Young humans and animals in the wild can go from rest to full pelt in the blink of an eye. It’s one of the hallmarks of youth and dynamic vitality that the body can cope with sudden changes in conditions (output 10% to output 95%); the cheetah from a standing start to 60mph in five seconds; the cat on your sofa, from semi-asleep to jumping up the curtains in an instant when a bird flies past the window.
When one gets older, even if fit, strong, flexible, etc., it takes ‘more time to get going’ - no way are we going to risk pulling something by going from cold to max effort. In the wild the lion doesn’t normally telegraph her attack, neither the crocodile. On the city streets we don’t have a warm-up before a run for the bus or a street fight.

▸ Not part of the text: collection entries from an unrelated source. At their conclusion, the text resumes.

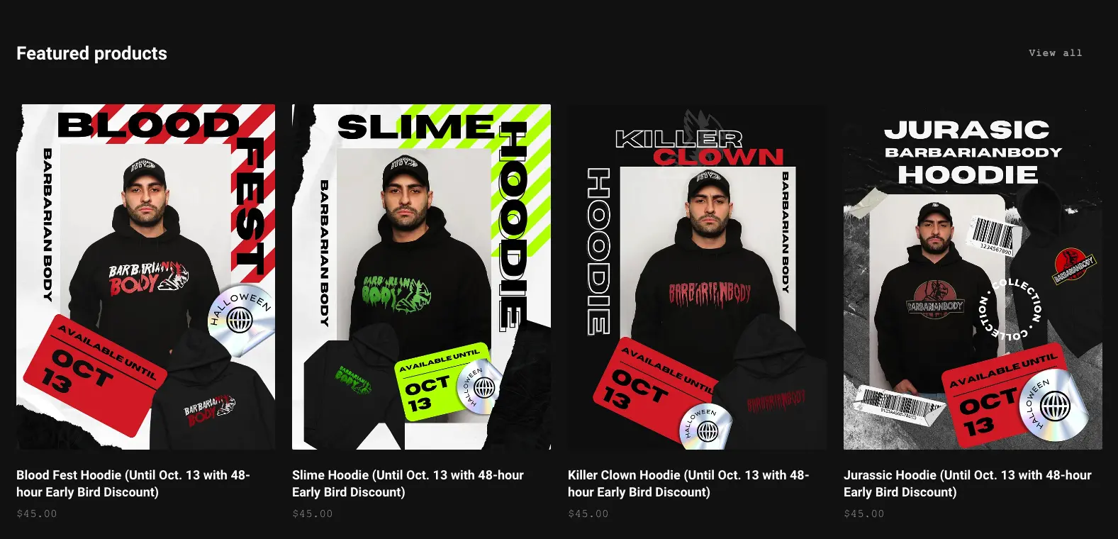 For instance, The Barbarian Body sells limited-edition seasonal hoodies tailored for Halloween enthusiasts. The hoodies featuring sharp and vibrant designs that not only match the creators fitness persona but allow him to capitalize on the excitement surrounding the holiday.
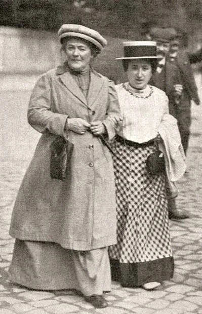 Вот они, две подруженьки - Розочка Люксембург (псевдоним) и Кларочка Цеткин (Фамилия мужа, та что повыше) :) Дамы были активные, с позицией! У Розочки, пишут, потом даже роман с сыном Кларочки был. Врут, наверняка. Но женщины - огненные)
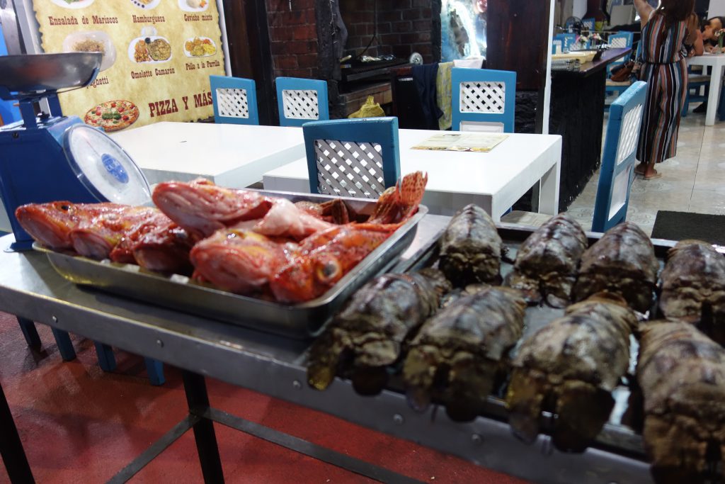 たくさん海鮮料理のお店がありますが、どのお店も赤い魚と海老をアピールしていました。
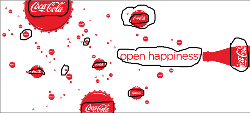 In this ad you can notice how the Coca-cola caps are different sizes to represent different sized bubbles. This helps the illusion of the caps looking like bubbles work better and be easier to recognize. The contrast of the red and white with the caps, the text, and the bottle help the image look stronger.
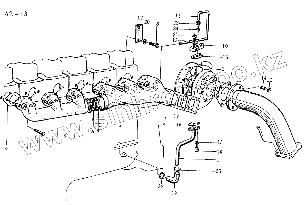 Каталог запасных частей к технике: HOWO Sinotruck (полный). WD618 EXHAUST MANIFOLD (A2-13)
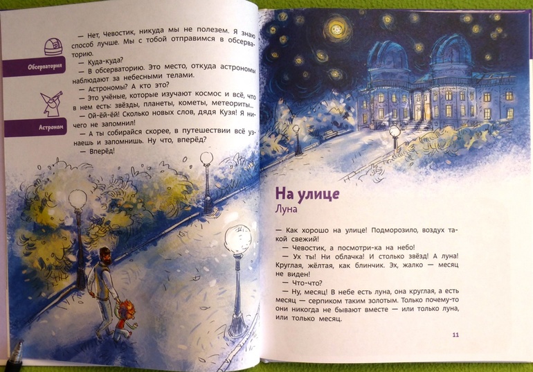 Книга познавательная, интересная, с красочными рисунками. Эта книга развивает любопытство. Необычный для энциклопедии формат диалогов помогает запоминать материал быстро и весело. Простым и доступным языком для дошкольника объясняется такая сложная наука, как астрономия и изучение астрономии превращается в настоящее удовольствие.
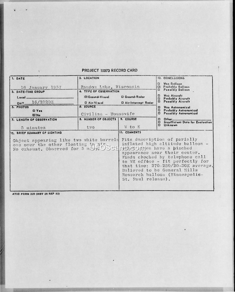Project 10073 Record Card — Random Lake, Wisconsin, 16 January 1957
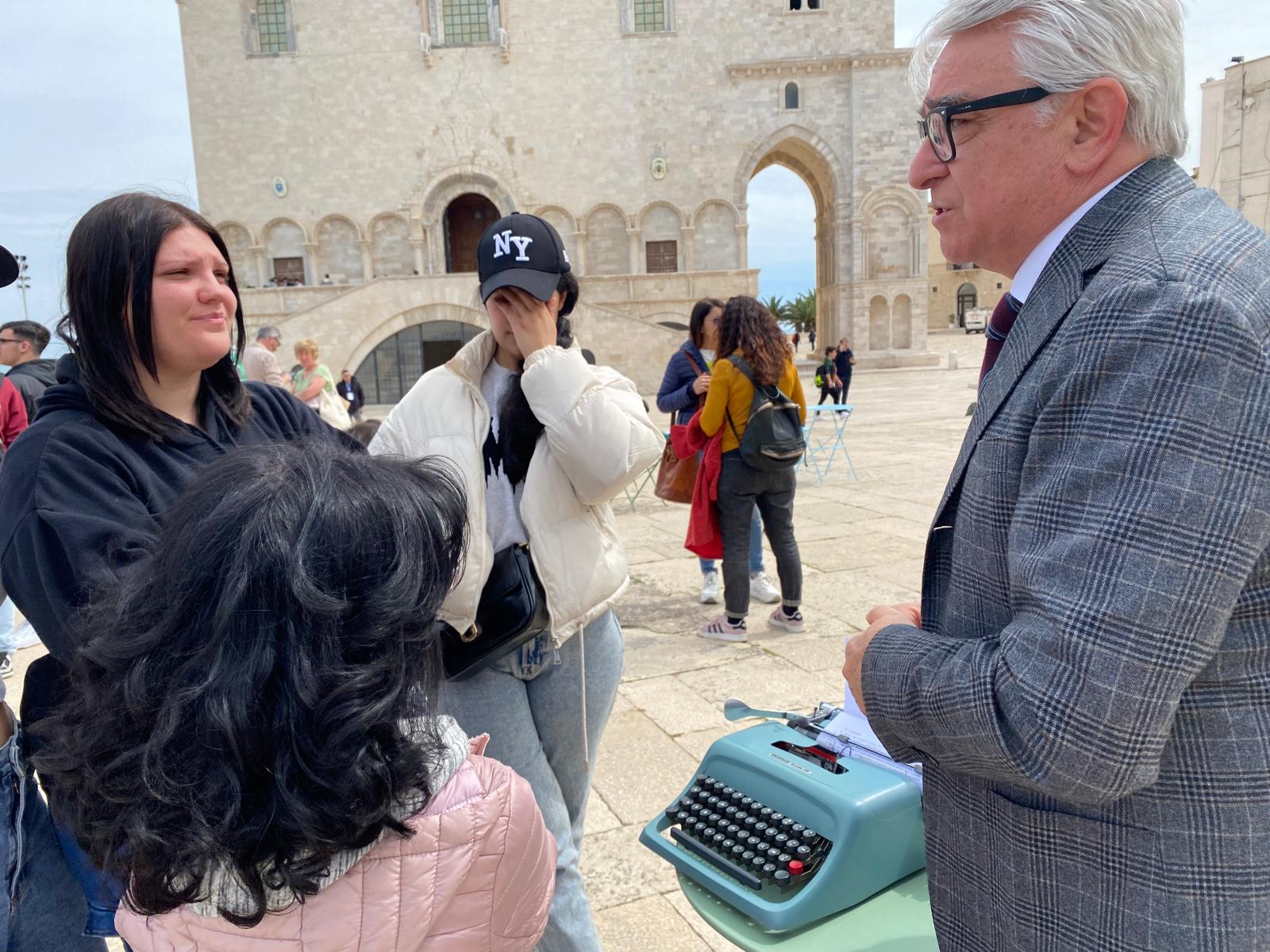 Grande successo e grande partecipazione al Flash Mob “Scritti alla luce del sole” in piazza Duomo a Trani, organizzato per l’ottavo anniversario della Fondazione S.E.C.A., dell’apertura del Museo della Macchina per Scrivere, vero e proprio magnete del Polo Museale Diocesano, ospitato nelle sale di Palazzo Lodispoto.

We hear stories of people with ‘dicky’ hearts having a heart failure from plunging into freezing water, and the elderly dying from the shock of being mugged. If the antifragility of the body is activated by overload or stress, to keep young and vital we should undertake more sessions without a warm-up, not less - we don’t want to protect the body but utilise its adaptive processes. “What about injury?” Well, you don’t robustify the system by overprotecting it; in any case, injury is (mostly) caused by the above factors, not from lack of warm-up.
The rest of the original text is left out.